Work item: Among the lines of the data, copy those that hold "South".
::: Task data :::
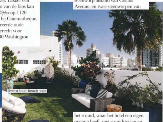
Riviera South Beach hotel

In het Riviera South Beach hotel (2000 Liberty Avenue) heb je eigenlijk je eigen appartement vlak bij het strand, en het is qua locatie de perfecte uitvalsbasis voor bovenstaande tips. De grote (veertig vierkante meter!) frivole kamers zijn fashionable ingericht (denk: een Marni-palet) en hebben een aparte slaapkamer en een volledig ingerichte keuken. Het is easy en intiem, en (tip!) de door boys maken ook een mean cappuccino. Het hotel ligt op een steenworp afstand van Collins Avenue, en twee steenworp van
:::
::: Task data :::
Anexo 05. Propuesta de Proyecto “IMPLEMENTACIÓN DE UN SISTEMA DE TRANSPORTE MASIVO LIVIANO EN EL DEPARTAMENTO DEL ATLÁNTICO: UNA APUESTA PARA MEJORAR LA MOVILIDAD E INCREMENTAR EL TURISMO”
:::
Answer for this exercise:
Riviera South Beach hotel
In het Riviera South Beach hotel (2000 Liberty Avenue) heb je eigenlijk je eigen appartement vlak bij het strand, en het is qua locatie de perfecte uitvalsbasis voor bovenstaande tips. De grote (veertig vierkante meter!) frivole kamers zijn fashionable ingericht (denk: een Marni-palet) en hebben een aparte slaapkamer en een volledig ingerichte keuken. Het is easy en intiem, en (tip!) de door boys maken ook een mean cappuccino. Het hotel ligt op een steenworp afstand van Collins Avenue, en twee steenworp van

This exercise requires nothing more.